**Data**
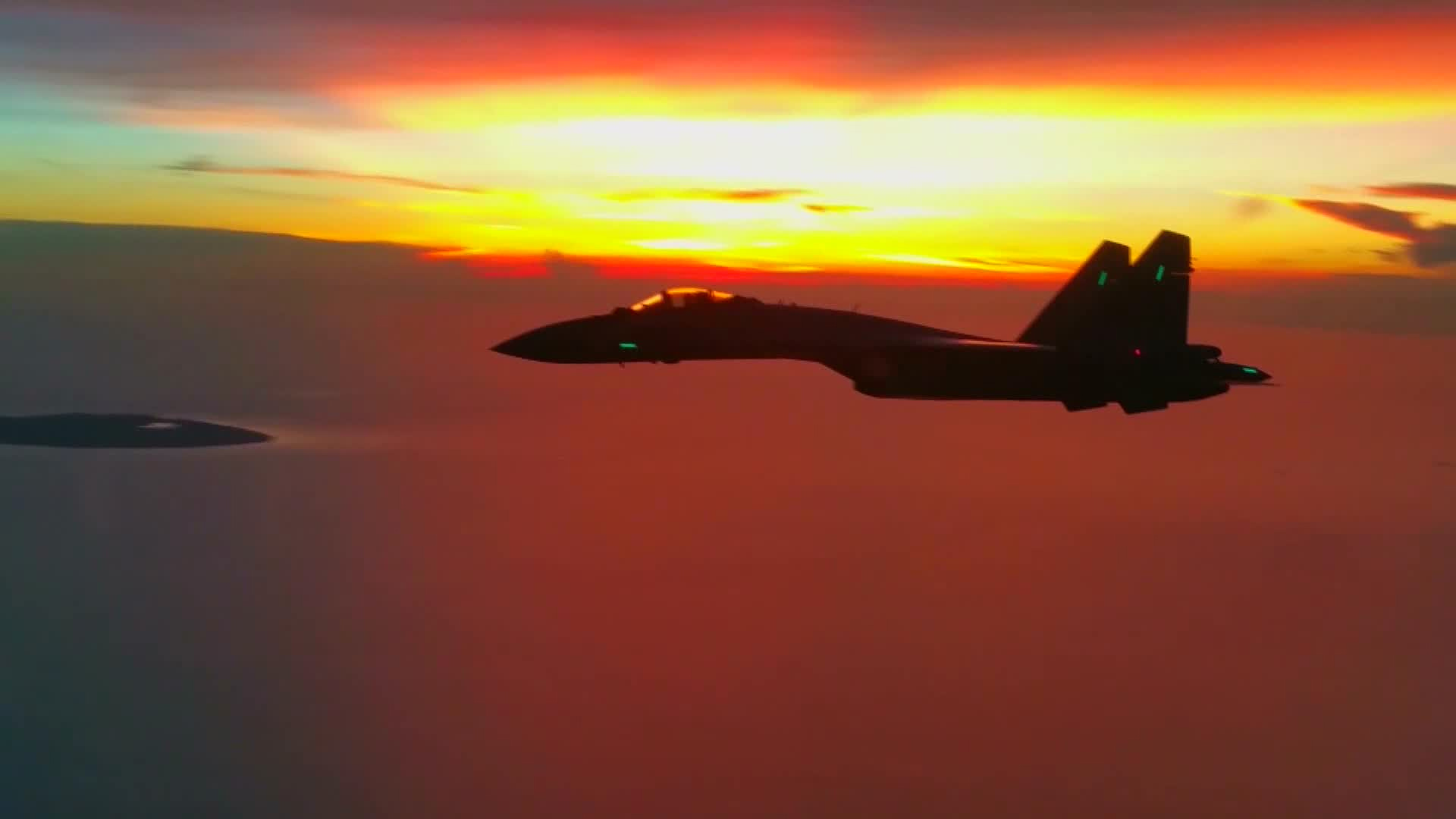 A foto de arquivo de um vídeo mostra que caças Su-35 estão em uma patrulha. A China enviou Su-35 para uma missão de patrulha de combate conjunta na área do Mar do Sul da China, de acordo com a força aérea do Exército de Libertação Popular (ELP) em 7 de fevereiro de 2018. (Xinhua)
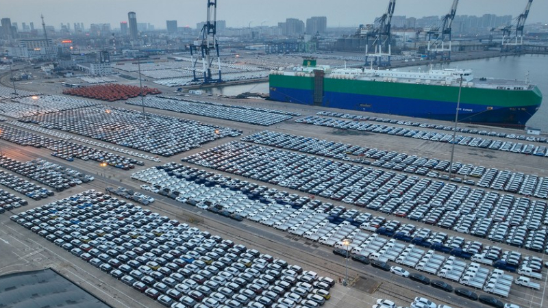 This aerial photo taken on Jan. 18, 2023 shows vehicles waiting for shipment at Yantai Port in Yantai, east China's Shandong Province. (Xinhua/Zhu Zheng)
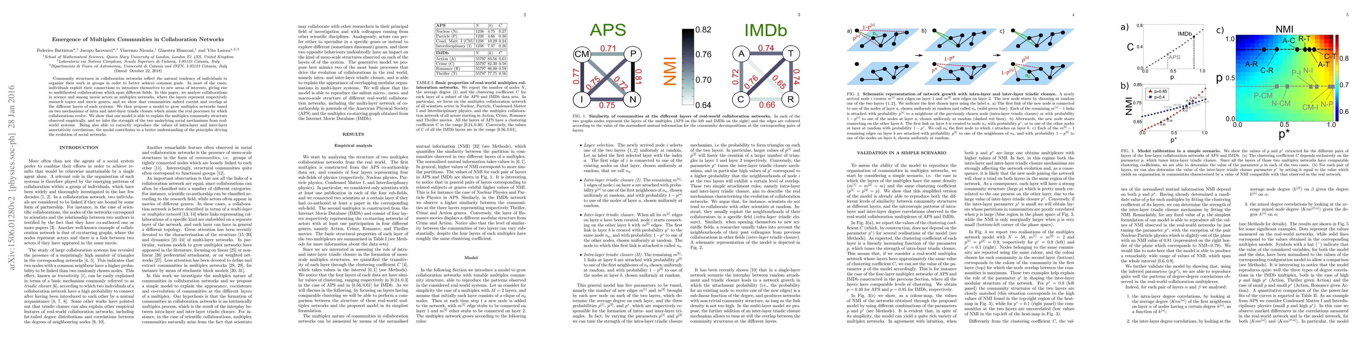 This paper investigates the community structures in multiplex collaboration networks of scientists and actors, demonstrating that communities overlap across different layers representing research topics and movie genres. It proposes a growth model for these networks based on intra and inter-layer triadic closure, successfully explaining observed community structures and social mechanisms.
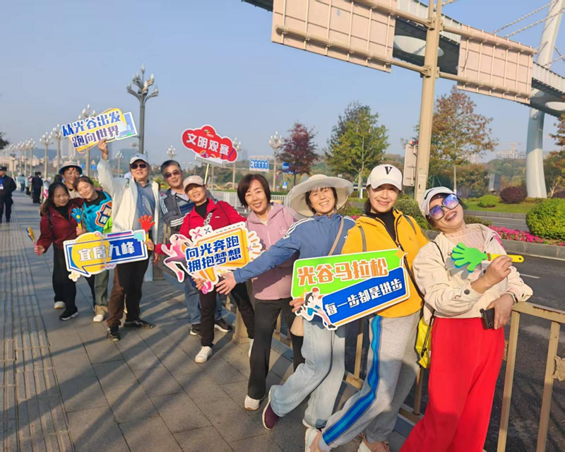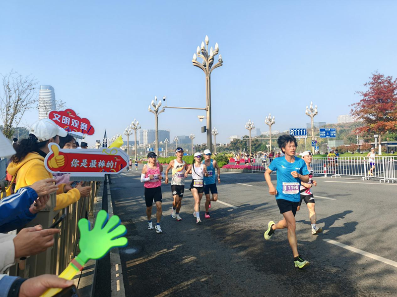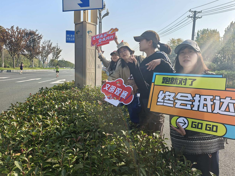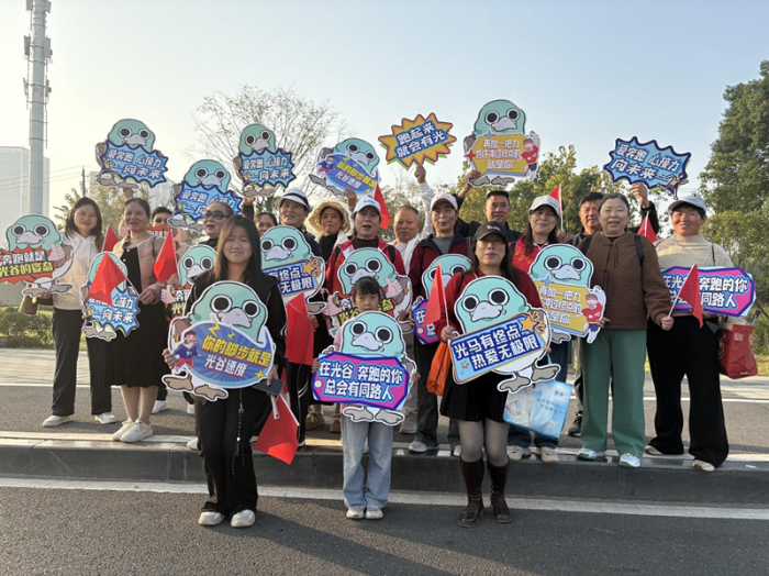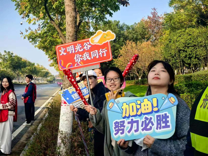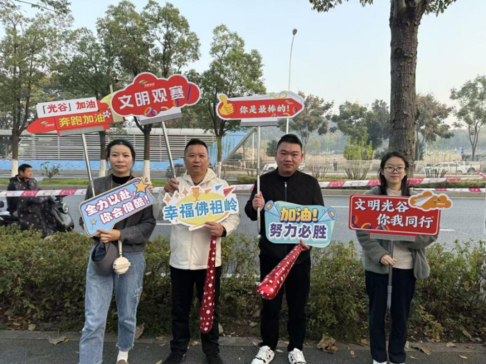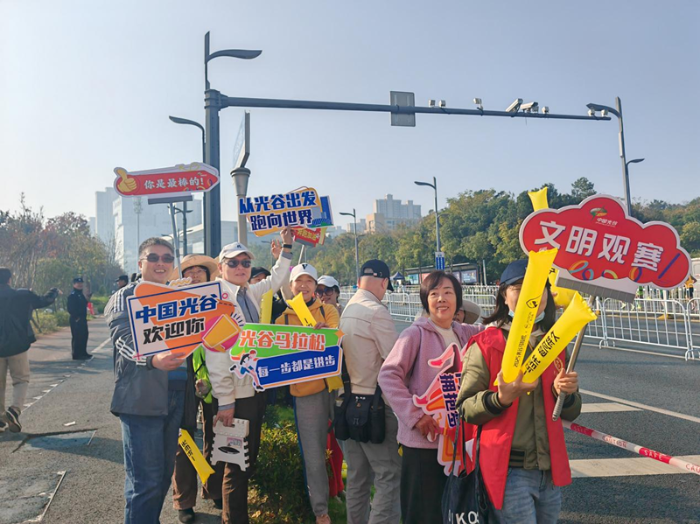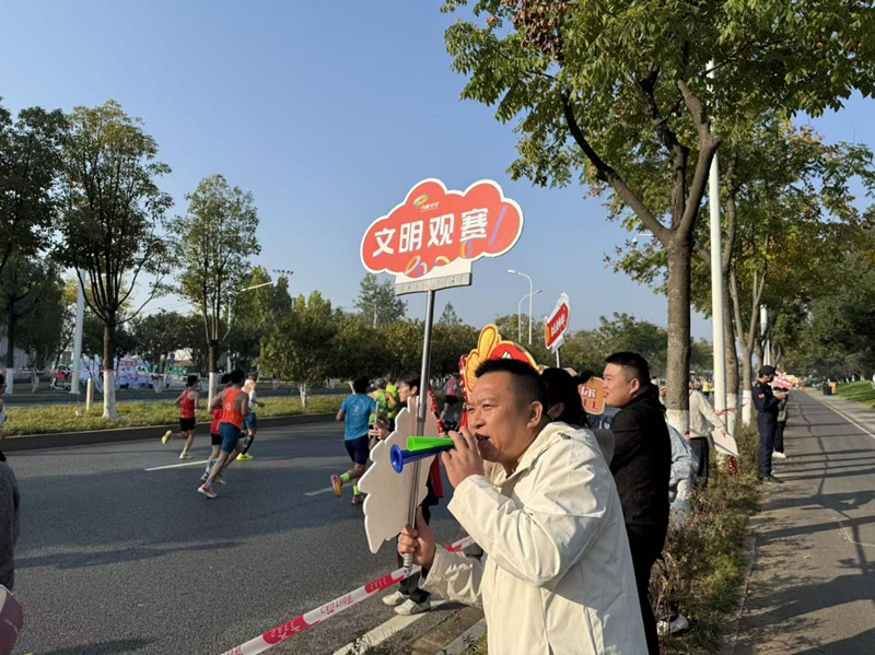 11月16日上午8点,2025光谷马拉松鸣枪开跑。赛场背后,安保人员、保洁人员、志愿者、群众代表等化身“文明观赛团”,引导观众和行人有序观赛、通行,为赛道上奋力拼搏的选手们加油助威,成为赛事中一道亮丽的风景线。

**Work order**
Give back the data exactly, with no images.

**Answer to this task**
 A foto de arquivo de um vídeo mostra que caças Su-35 estão em uma patrulha. A China enviou Su-35 para uma missão de patrulha de combate conjunta na área do Mar do Sul da China, de acordo com a força aérea do Exército de Libertação Popular (ELP) em 7 de fevereiro de 2018. (Xinhua)
 This aerial photo taken on Jan. 18, 2023 shows vehicles waiting for shipment at Yantai Port in Yantai, east China's Shandong Province. (Xinhua/Zhu Zheng)
 This paper investigates the community structures in multiplex collaboration networks of scientists and actors, demonstrating that communities overlap across different layers representing research topics and movie genres. It proposes a growth model for these networks based on intra and inter-layer triadic closure, successfully explaining observed community structures and social mechanisms.
 11月16日上午8点,2025光谷马拉松鸣枪开跑。赛场背后,安保人员、保洁人员、志愿者、群众代表等化身“文明观赛团”,引导观众和行人有序观赛、通行,为赛道上奋力拼搏的选手们加油助威,成为赛事中一道亮丽的风景线。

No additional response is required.